Chapter 7
PEYTON
He’s out cold on my floor.
Liam.
Of course he has a sexy name to go with the sexy, limp body.
I stare at the phone in my hand, reeling from the absurdity of the situation. A stranger who’s done nothing but yell at me came to my room to pass out. And he’s handed me his most private possession, asking me to, what, save his life?
I should call 911.
But he begged me not to. And for whatever reason, I don’t want to break his trust.
I hold the phone over his clammy, fever-flushed but still very handsome face to unlock it. The screen glows against his sharp jawline.
Two in the morning. Who even calls anyone at this hour?
Well, Lila, I’m sorry, whoever you are. This is on him, not me.
I search his contacts until I find a Cally. She’s a striking redhead with aquamarine eyes and a dimpled smile in her profile picture. For inexplicable reasons, I’d hoped she’d be ugly and somehow knew she wouldn’t be.
Liam emits a death rattle from somewhere deep in his chest, snapping me out of whatever petty jealousy I’m nursing over a woman I’ve never met. I press call.
The line rings and rings, but she doesn’t pick up.
Okay, I’ll give this another try. If Lila doesn’t answer, I’ll call an ambulance. Before I dial her back, the phone rings in my hands, startling me. I firm my grip on it and tap the green button.
“Rocky, what the fuck time is it?” The question comes out groggy with sleep.
“Oh, um, hello.”
“Hi?” She sounds more awake at hearing a woman’s voice instead of his deep baritone.
“Hi. I am, mmm, with Liam, and he’s passed out and told me to call you and not a doctor. So, err, sorry for waking you up.”
I hear scuffing, and when she speaks again, she sounds fully alert. “Why is he out? Where are you? And who are you?”
“I—err—he fell off his bike earlier and hurt his leg. Then he came to my room, I don’t know why, acting delirious, and hit his shin against a low table and dropped like a stone. We’re in the honeymoon suite at the Rockwood Resort. And I’m Peyton.” I rattle out answers to her questions.
A sigh that sounds more competent than spooked. “Alright, Peyton. Any other symptoms?”
“He’s burning up, sweaty, and a little pasty.”
“Put a wet cloth on his forehead. I’ll be there in ten.”
She hangs up before I reply. I do as she said with the cold compress and wait by the door.

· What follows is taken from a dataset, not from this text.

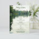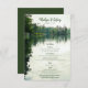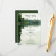 This rustic lakeside evergreens wedding details enclosure card, created from my own personal kayaking photograph and with a subtle digital watercolor effect, features a beautiful rustic scene under an overcast sky with lightly rippled but calm water reflecting distant evergreens, cedar trees and rock structures, perfect for a mountain, lakeside, or riverside wedding celebration - by katz_d_zynes

A knock comes fifteen minutes later.
I hurry to open up, ready to explain I don’t know why I have a comatose man on my floor, but the redhead from the phone photo greets me with a tired smile.
She doesn’t look like she needs explanations.

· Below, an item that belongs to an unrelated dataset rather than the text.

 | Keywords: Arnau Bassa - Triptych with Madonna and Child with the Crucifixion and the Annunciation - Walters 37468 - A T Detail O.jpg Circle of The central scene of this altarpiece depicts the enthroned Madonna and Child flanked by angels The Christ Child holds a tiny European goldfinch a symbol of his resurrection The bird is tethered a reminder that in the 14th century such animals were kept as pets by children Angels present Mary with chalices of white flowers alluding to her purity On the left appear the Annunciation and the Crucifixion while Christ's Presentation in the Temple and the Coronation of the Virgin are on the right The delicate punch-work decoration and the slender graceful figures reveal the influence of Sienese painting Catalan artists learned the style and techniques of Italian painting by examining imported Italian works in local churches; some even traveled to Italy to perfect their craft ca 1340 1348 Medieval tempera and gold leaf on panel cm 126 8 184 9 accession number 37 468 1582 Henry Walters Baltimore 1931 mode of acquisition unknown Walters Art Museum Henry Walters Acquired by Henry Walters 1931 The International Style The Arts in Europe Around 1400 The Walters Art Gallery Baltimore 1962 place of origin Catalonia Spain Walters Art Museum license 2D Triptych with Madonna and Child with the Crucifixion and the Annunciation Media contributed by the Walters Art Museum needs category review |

She looks like she needs coffee. She’s drowning in gray sweatpants and an oversized hoodie, her long hair piled in a haphazard ponytail.

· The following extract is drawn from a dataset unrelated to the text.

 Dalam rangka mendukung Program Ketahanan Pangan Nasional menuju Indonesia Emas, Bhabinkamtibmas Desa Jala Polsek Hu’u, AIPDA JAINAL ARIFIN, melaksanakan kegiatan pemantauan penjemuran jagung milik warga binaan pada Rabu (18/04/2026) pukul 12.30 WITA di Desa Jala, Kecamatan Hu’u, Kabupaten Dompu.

She has a black duffel bag slung over her shoulder and is carrying a plastic pedicure basin.
“Hi.” Her voice is surprisingly chipper for two in the morning. “Peyton?”
“Yeah.” I nod, stepping back to let her in.
“Where is my favorite idiot?”
A flicker of discomfort twists in my chest. Why is he her favorite? Is she his girlfriend? Does she find it weird that Liam is in my room? Why isn’t she mad?
I point to the floor. “I tried to move him, but he’s heavy.”
“Yeah, he’s got a thick skull. Adds weight.” Lila peers over my shoulder, her expression shifting to exasperated affection. She drops her supplies on the console table and brushes past me, bringing in the scent of rain. “We need to move him onto the bed.”
I eye the expanse of tuxedo-clad muscle. “He’s got to be two hundred pounds of dead weight.”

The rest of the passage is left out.